Patients who are chronically infected with hepatitis C virus (HCV) and who do not have a sustained virologic response after treatment with regimens containing direct-acting antiviral agents have limited retreatment options.
Dr Marc Bourličre and colleagues conducted two phase 3 trials involving patients who had been previously treated with a direct-acting antiviral agents-containing regimen.
In POLARIS-1, patients with HCV genotype 1 infection who had previously received a regimen containing an NS5A inhibitor were randomly assigned in a 1:1 ratio to receive either the nucleotide polymerase inhibitor sofosbuvir, the NS5A inhibitor velpatasvir, and the protease inhibitor voxilaprevir or matching placebo once daily for 12 weeks.
The team enrolled patients who were infected with HCV of other genotypes in the sofosbuvir–velpatasvir–voxilaprevir group.
|The rate of response was 98% with sofosbuvir–velpatasvir–voxilaprevir|
|New England Journal of Medicine|
In POLARIS-4, patients with HCV genotype 1, 2, or 3 infection who had previously received a direct-acting antiviral agents regimen but not an NS5A inhibitor were randomly assigned in a 1:1 ratio to receive sofosbuvir–velpatasvir–voxilaprevir or sofosbuvir–velpatasvir for 12 weeks.

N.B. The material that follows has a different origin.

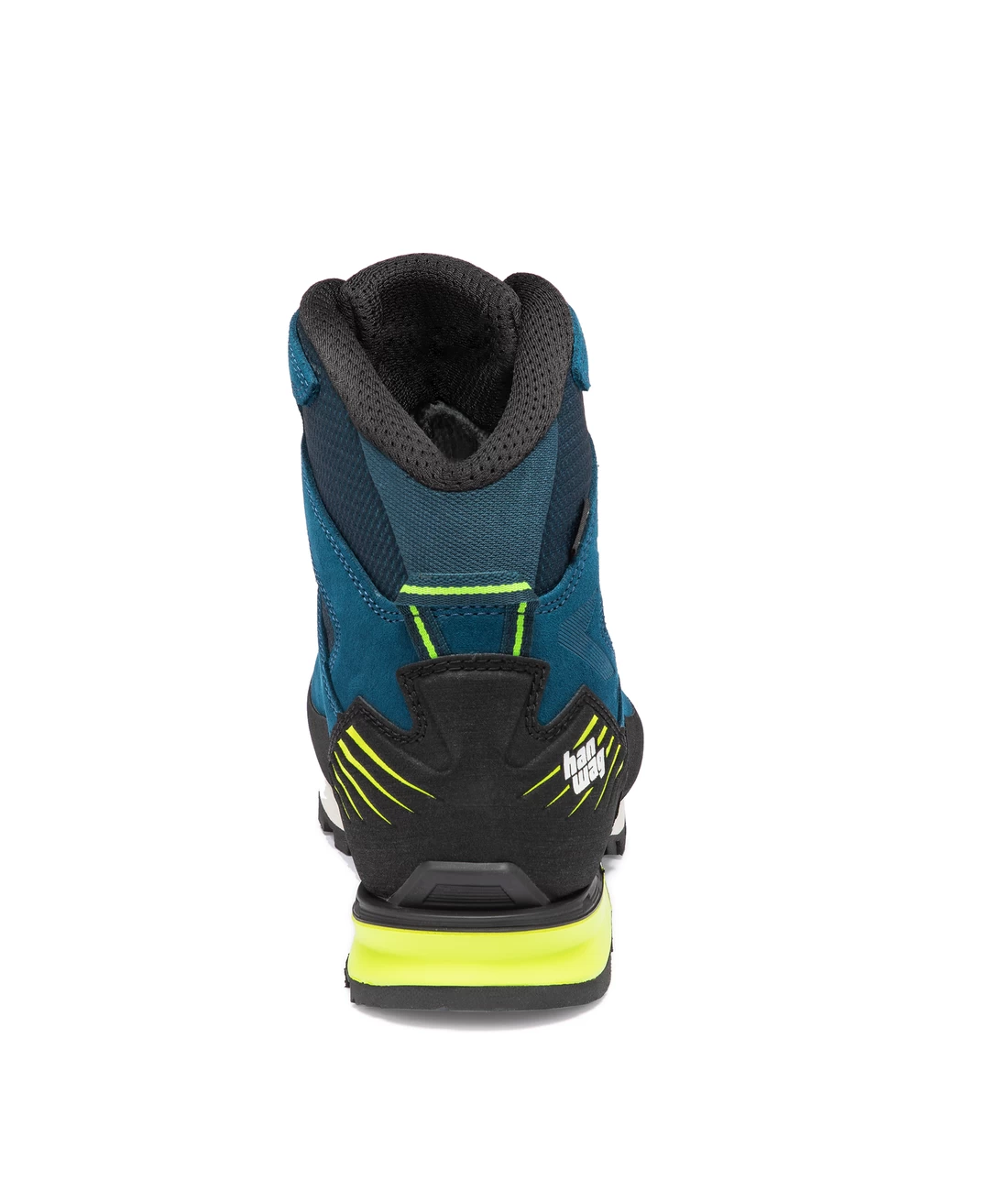 Der Makra Pro GTX eignet sich für anspruchsvolle Bergtouren mit Gletscherpassagen genauso wie für einfachere Hoch- und Felstouren im Sommer. Der leichte und stabile Allrounder ist mit wasserdichter GORE-TEX Membran und langlebigem Perwanger Oberleder ausgestattet. Für die leichte, jedoch besonders stabile Zwischensohle kommt eine Kombination aus PU, TPU und EVA zum Einsatz. PU in der Ferse – mit integrierter Stegeisenauflage aus TPU – sorgt für perfekte Dämpfung, EVA im Vorfußbereich für Präzision im Antritt. Exzellenten Grip bietet die Vibram® Makra Laufsohle. Ein Dream-Team! „Hanwag 2 Zone Lock“ mit einer mechanischen Klemme sorgt für einen verbesserten Fersenhalt. Im Gegensatz zu einem herkömmlichen Klemmhaken blockiert die mechanische Klemme zuverlässig und kann nach dem Fixieren nicht mehr – ohne manuelles Zutun – verrutschen. Ein Merkmal der Makra Familie ist die optimierte Ghilly-Schnürung bis in den Zehenbereich – dabei werden die Schnürsenkel durch Textilschlaufen gezogen. Der Fuß hat so auch im vorderen Bereich und man steht stabil im Schuh. Der Alpine Wide-Leisten bietet einen etwas breiteren Vorfußbereich für mehr Komfort – wodurch der Schuh jedoch nicht an Kletterperformance und Präzision im Antritt verliert.

An additional 19 patients with HCV genotype 4 infection were enrolled in the sofosbuvir–velpatasvir–voxilaprevir group.
In the 3 active-treatment groups, 46% of the patients had compensated cirrhosis.
In POLARIS-1, the team found that the rate of sustained virologic response was 96% with sofosbuvir–velpatasvir–voxilaprevir, as compared with 0% with placebo.
In POLARIS-4, the research team noted that the rate of response was 98% with sofosbuvir–velpatasvir–voxilaprevir, and 90% with sofosbuvir–velpatasvir.
The most common adverse events were headache, fatigue, diarrhea, and nausea.
In the active-treatment groups in both trials, the percentage of patients who discontinued treatment owing to adverse events was 1% or lower.
Dr Bourličre's team comments, "Sofosbuvir–velpatasvir–voxilaprevir taken for 12 weeks provided high rates of sustained virologic response among patients across HCV genotypes in whom treatment with a direct-acting antiviral agents regimen had previously failed."